In Eqs 11 and 12, K_cmid,K_cend were adjusted by reference coefficients K_cmid(Tab),K_cend(Tab). No adjustment was required when K_cend(Tab)0.45. K_cini was determined comprehensively by the magnitude and time interval of wetting events, soil texture, and reference evapotranspiration. RH_min is daily minimum relative humidity (%), u₂ is the daily wind speed at 2 m height (m/s), and h is plant height during the growth stage (m). In Eq. 13, e⁰(T_dew)ande⁰(T_max) represent the saturation vapor pressure under mean dewpoint temperature and mean daily maximum air temperature, respectively. In arid and semiarid climates, T_dew can be replaced by subtracting 2°C from the average value of T_min.

Based on this, we got K_c coefficients of wheat and maize in Zhangye in different growth stages. We showed growth stages length and K_c coefficients curves of wheat and maize in Zhangye (Table 1 and Figure 3). We also obtained the accumulative crop water requirement per unit area during the entire growth period, ET_c(m³/hm²). In Eq. 14, we further calculated the total crop water requirement, namely, the virtual water content of the crop, VWC_c(m³) by combining with yield per unit area Y_c and crop yield A_c.

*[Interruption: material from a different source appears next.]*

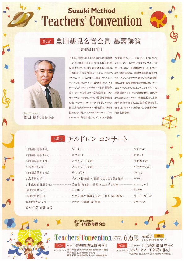 鈴木鎮一先生の教えを今の指導者や生徒たちに伝えることを日々実践されておられる豊田耕兒名誉会長による講演です。実体験ならではの貴重なお話を今年も聞くことができます。

$VW{C}_c=\frac{E{T}_c}{Y_c}\times A_c(14)$

TABLE 1

Table 1. Growth stages length of wheat and maize in Zhangye (unit: days).

FIGURE 3

Figure 3. Crop coefficients K_c curves of wheat and maize in Zhangye.

Results

Water Consumption of Different Industrial Sectors

By analyzing the composition of water consumption coefficients of each industrial sector calculated by the IO model, we found the structure and intensity of water consumption when providing sectoral final products (Table 2). Planting was the largest water consumption sector, whose direct consumption accounted for the most. The direct water consumption coefficient (d) of the planting sector was 3,307.47 m³/yuan in 2012 and 2,311.78 m³/yuan in 2017, more than 100 times higher than that of other sectors. Furthermore, the direct consumption coefficients (d) were relatively higher in sectors, including non-metallic minerals mining and dressing, chemical industry, and electricity and heat production and supply, which were regarded as direct water consumption sectors along with agriculture. In contrast, coal mining and dressing sector sectors in the manufacturing industry (other than the chemical industry and petroleum and coking processing sector), and all sectors in construction and service industries were all indirect water consumption-dominated sectors. Specifically, the service industry rarely consumed water directly. The direct consumption coefficients (d) were less than 1 m³/yuan in 2012 in service sectors, including finance, real estate, telecommunication, computer and software services, and education, health, cultural, and sporting services. The manufacture of food products and tobacco processing sector was the second-largest water consumption sector after agriculture. It had the highest indirect water consumption coefficient (k) among all sectors with 527.31 m³/yuan in 2012 and 472.25 m³/yuan in 2017, accounting for approximately 99% of its total water input coefficient. Besides, the indirect consumption coefficients (k) were generally higher than the direct consumption coefficients (d) in the construction and service sectors, and coal mining and dressing sectors, accounting for 93.5, 80, and 86% of their total water input coefficients (t), respectively. These sectors consumed water mainly from intermediate inputs of products and services and were regarded as indirect water consumption sectors.

TABLE 2

Table 2. Water consumption coefficients of Zhangye industrial sectors in 2012 and 2017 (unit: m³/yuan).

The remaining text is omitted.